Surabaya, MercuryFM – Otoritas Jasa Keuangan (OJK) resmi mengukuhkan Yunita Linda Sari sebagai Kepala OJK Provinsi Jawa Timur yang baru, menggantikan Bambang Mukti Riyadi, dalam acara yang digelar di Kantor OJK Provinsi Jawa Timur. Acara ini dihadiri oleh Anggota Dewan Komisioner OJK, Inarno Djajadi, bersama Pj. Gubernur Jawa Timur Adhy Karyono, Forkopimda, perwakilan pemerintah daerah, pimpinan industri jasa keuangan, asosiasi industri, akademisi, serta mitra strategis OJK.
Dalam sambutannya, Inarno Djajadi menekankan pentingnya peran Kantor OJK Daerah dalam menjalin komunikasi, koordinasi, dan kerja sama yang baik dengan para pemangku kepentingan.

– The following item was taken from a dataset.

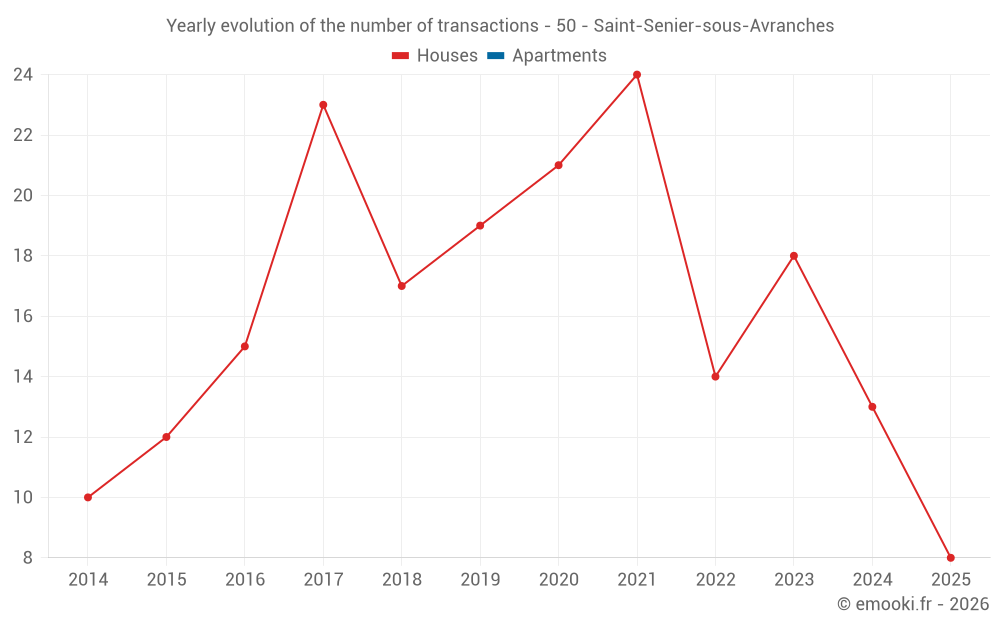 The median price on the 16 house transactions of the last 12 months in the municipality of Saint-Senier-sous-Avranches was 2 506 € per square meter for a median property value of 233 000 €. Over this period, 60% of transactions were between 1 857 and 3 067 € per square meter (from the 2nd to the 8th deciles).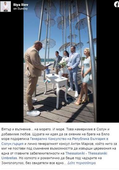 Το επόμενο βήμα στη σχέση του αποφάσισε να κάνει ένα ζευγάρι από τη Βουλγαρία και παντρεύτηκε με πολιτικό γάμο στη Θεσσαλονίκη και συγκεκριμένα στις Ομπρέλες της Νέας Παραλίας.

“Keberadaan Kantor OJK di daerah sangat strategis sebagai ujung tombak untuk menjalankan berbagai program dan kebijakan OJK. Selain itu, Kantor OJK harus meningkatkan kontribusi sektor jasa keuangan terhadap pertumbuhan ekonomi serta pemerataan kesejahteraan masyarakat di daerah,” jelas Inarno, Selasa (1/10/2024).
Ia juga berharap sinergi antara OJK dan pemangku kepentingan di Jawa Timur dapat terus ditingkatkan untuk mendukung perkembangan sektor jasa keuangan yang stabil dan inklusif.
Pj. Gubernur Jawa Timur Adhy Karyono menyampaikan apresiasinya terhadap kerja sama yang kuat antara OJK dan Pemerintah Provinsi Jawa Timur. Menurutnya, sinergi ini telah menghasilkan capaian positif, seperti pertumbuhan kredit perbankan dan penurunan rasio kredit bermasalah (NPL) di Jawa Timur.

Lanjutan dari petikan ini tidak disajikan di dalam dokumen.